Марк мне очень понравился, но я не давала гормонам и восторгу взять над собой верх. Не планировала будущее и не придумала имена для наших детей. Я была уверена, что всё это будет краткосрочно. И если раньше я была ярой противницей подобного, то сейчас была готова согласиться и на одну ночь. Словецкий притягивал, как магнит.

Набираю свой номер, отдавая парню. Чувствую, как вибрирует мой.

— Просто проверил. После твоего побега уже не знаю, чего ждать.

— У меня богатая фантазия, — радостно улыбаюсь за наличие такого достоинства.

— Я вот не сомневаюсь ни разу.

Марк паркуется рядом с домом.

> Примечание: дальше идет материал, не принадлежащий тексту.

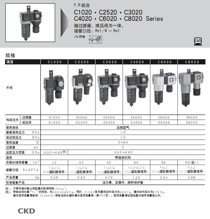 C1020-6,C1020-8,C2520-6,C3020-10,C4020-8,C4020-10,C4020-15,C6020-20,C6020-25,C8020-20,CKD二聯(lián)件

На улице уже давно начался дождь. Даже не дождь, а ливень. Но мужчину это не останавливает. Он выходит с невозмутимым видом, чтобы проводить меня до подъезда. Я забираю цветы, выпрыгивая под эти струи. То что мы практически бежим до подъезда, ни разу нас не спасает. Мне становится даже слегка прохладно, зато Марк словно пышет.

— Ну пока, — в первые за вечер чувствую себя неуверенно в обществе мужчины.

— Пока, — снова гипнотически смотрит Словецкий, а затем наклоняется к губам, но останавливается буквально в паре миллиметров.

— Целуй уже, — шепчу ему в губы, после чего он не держит себя. Целует также, как и делает всё остальное — решительно, наслаждаясь процессом. В нос снова ударяет терпкий аромат его парфюма, смешанный с дождём. Это будоражит, вызывая во мне неведомые до этого эмоции. Мужчина целует умело и рьяно, а я слегка теряюсь под его напором. Марк легонько придерживает за талию, давая в любой момент возможность отступить, но я этого не хочу. Одной рукой держу цветы, а другую несмело кладу Словецкому на шею, слегка царапая коготками. На самом деле, всё слишком смело и откровенно для первого поцелуя, но мне нравится. Марк отрывается, когда у нас заканчивается воздух в лёгких, и смотрит на меня потемневшими глазами. Сейчас они мне не кажутся колючими, но меня по-прежнему затапливает этой синевой.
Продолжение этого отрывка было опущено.